For proptech companies considering going public, it may be prudent to wait.
Most of the proptechs that did so over the last 18 months the fashionable way — via mergers with special purpose acquisition companies, or SPACs — have been duds, their stock prices today in the gutter.
The caution that now surrounds SPACs has dampened a market that a year ago was blazing, fueled by pandemic-era spending on technology and investor enthusiasm for the next new thing.
“The market as a whole has taken a look at SPACs and said, ‘Wait a second. Not all these deals look as good as we thought,’” said Jeffrey Berman, partner at proptech-focused venture firm Camber Creek.

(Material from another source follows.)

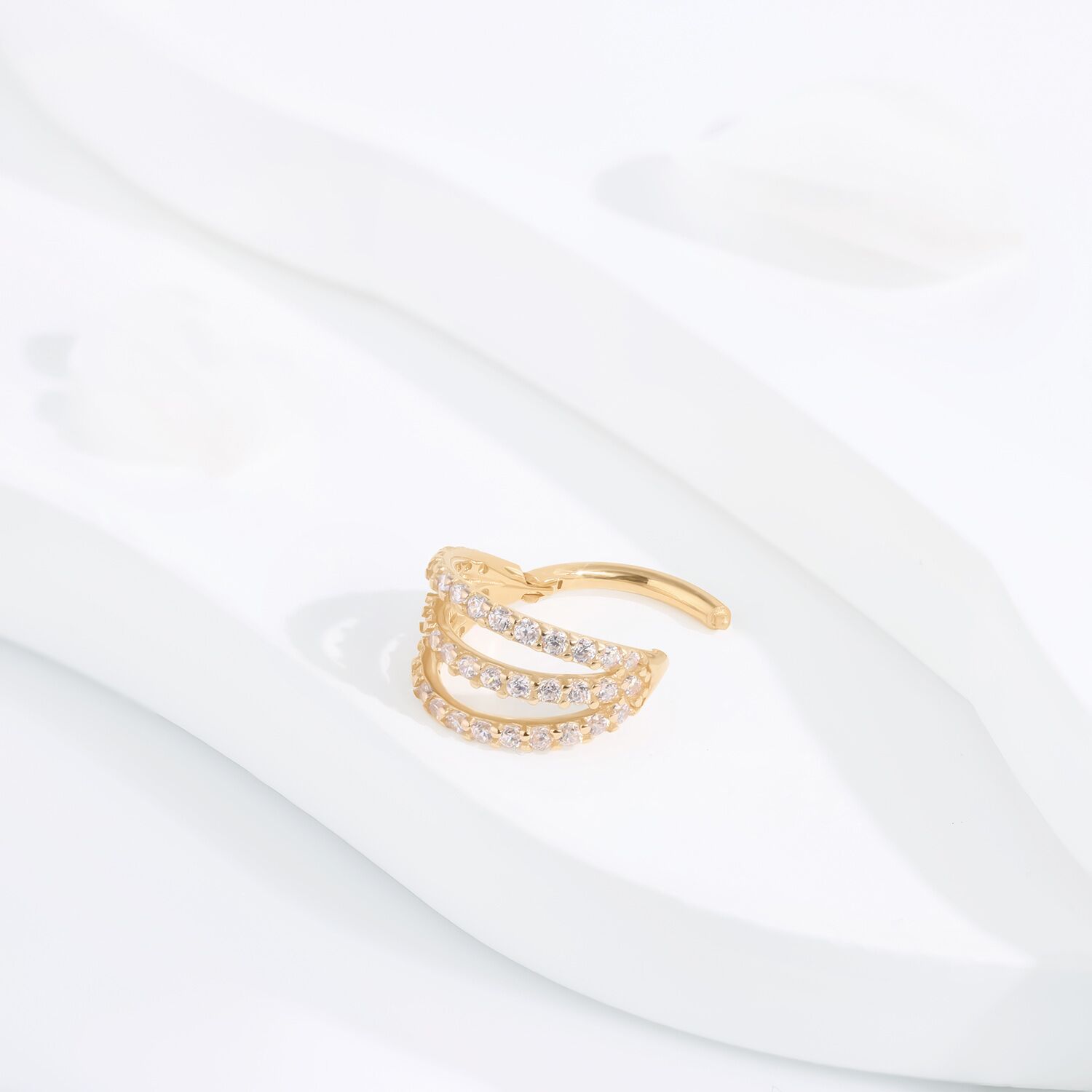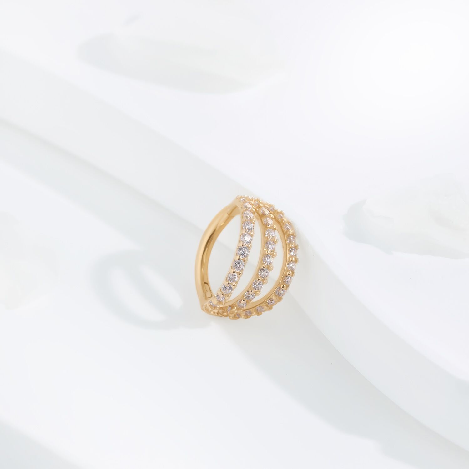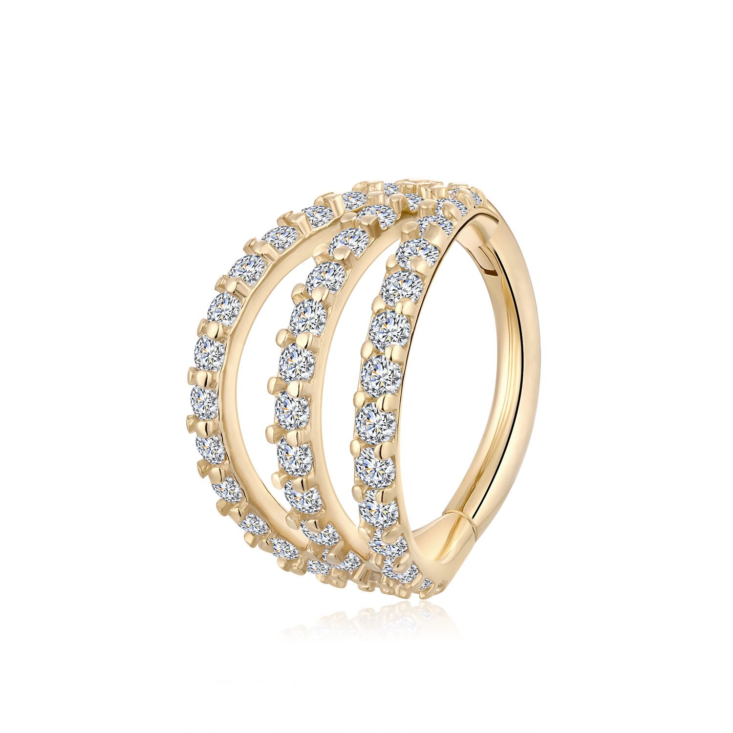 Unveil the allure of the KAV06G-1608 Hinged Segment Ring, a luxurious blend of 14k solid gold and cubic zircon. Its articulated design sparkles from every angle, offering a sophisticated highlight for any piercing.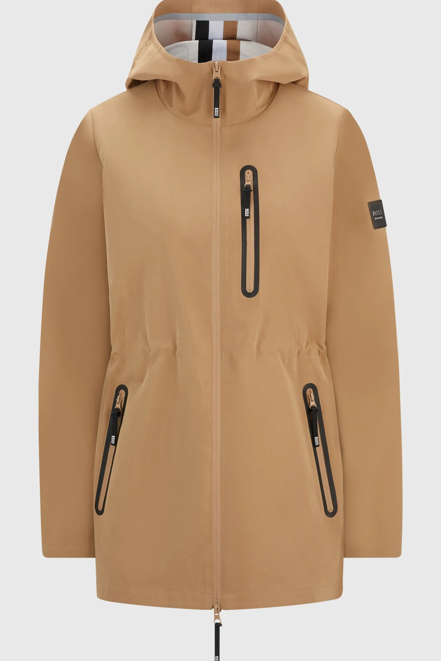 Hardshell-Regen- und Windjacke, die dich bei jedem Wetter warm und trocken hält. Obere Schicht mit Klebebandnähten, Taschen, Verstellmöglichkeit in der Taille.

Opendoor, an iBuyer that went public in late 2020 through a merger with Chamath Palihapitiya’s Social Capital Hedosophia II, was initially one of the more successful proptech SPACs. Its valuation more than tripled, to $18 billion from $5 billion, after the merger closed, and its shares, which began trading at about $31 in December 2020, peaked at around $35 in February of last year. Today, Opendoor trades below $10 despite reporting steady revenue gains throughout 2021.
SmartRent has had a similar, though less dramatic, trajectory. The smart-home startup’s stock, which began trading in August at around $12 after merging with a blank-check company sponsored by proptech venture firm Fifth Wall, reached a peak value of about $15 before falling off a cliff. Today, the stock trades around $7.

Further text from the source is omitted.